Click in-app to access the full platform documentation for your version of DataRobot.

Data Prep library

On the Library page, you can add new datasets and manage existing datasets, including Data Prep AnswerSets that you publish from your projects. In the library, you can also export datasets, set them up for automation, add new versions, create profiles for your datasets, and view any warnings or errors that occurred when a dataset was imported.

The following tables describe the library layout, as well as the actions you take in the library to work with your datasets.

Library layout

The following table describes the sections of the Library page.

Action Description
Library tabs Select a tab:
  • Datasets: Manage datasets.
  • Export Logs: View the logs generated during exports.
  • Data Sources: Add new data sources. Import and export from data sources that have been added to the library.
Add a new dataset To add a new dataset to your library, click Datasets + on the top left. On the Select Datasets page, import one or more datasets by selecting data sources or local datasets. If there are any errors during the import, a red warning icon displays adjacent to the dataset's listing on the page. For more information on any errors, mouse over the dataset's name and click Edit Details.
Search for a dataset on the page To search for a dataset in your library, click the magnifying glass icon on the top right. In the field that displays, begin typing the name of the dataset you want to locate. Potential matches display as you continue to type.
Filter the datasets displayed on the page Filter the list of datasets by categories such as version, creation time, and owner.
Sort columns The Library page lists the filtered datasets.

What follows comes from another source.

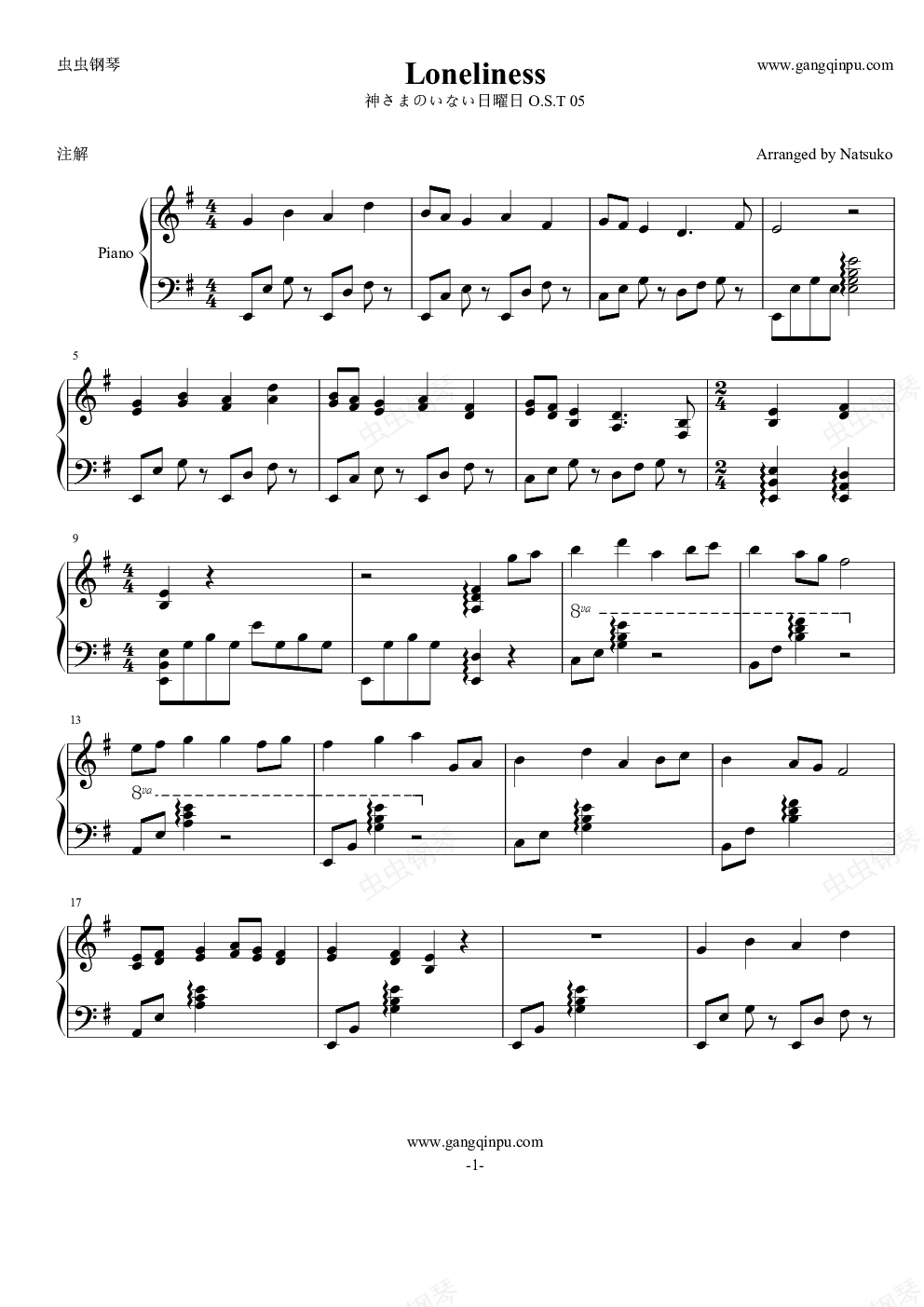钢琴谱:神不在的星期天-OST-Loneliness-

The library columns provide attributes for each dataset, including the type, version, status, number of rows, tags, and data created and by whom.
Dataset actions You can perform actions on the datasets such as creating projects and exporting datasets. To delete a dataset, click the red X icon to the left of the dataset.

Library filters

Use the filters at the top of the page to filter the list of datasets displayed on the page.

The following table describes your options for filtering datasets.

Action Description
Show Versions Toggle to display all versions of every dataset and AnswerSet or only the latest version of each.
Creation Time Select the last seven or 30 days.
Ready for use? This filter only displays when interactive mode is enabled for your Data Prep projects. It allows you to quickly see which datasets have finished loading their interactive portions and are ready for use in a project.
Completed? Displays all datasets that have successfully finished importing into the library.
Owner Displays the datasets and AnswerSets that you have imported and created from Data Prep projects.
Data Source Click this field to display all of the data sources used to import datasets. You can select more than one data source by continuing to click and select.
Tags Tags are descriptive words that enable you to organize your datasets. Click the Tags field to display all of the tags currently assigned to datasets in the library. To locate a dataset by a specific tag, type the tag name and click Enter. If you add multiple tags, only the datasets containing all of the search tags are returned as matches. To add a new tag for a dataset, hover over the dataset and click inside the add tags field for that dataset.

Library columns

You can create a new column display order for the Library page by clicking a column's header and dragging it to a new location. To sort the library list by a particular column, click that column name. To sort on multiple columns, hold Shift and click additional columns.

Note

When you reorder items on the Library page, the changes are temporary and not retained when you leave the Library page or refresh your browser.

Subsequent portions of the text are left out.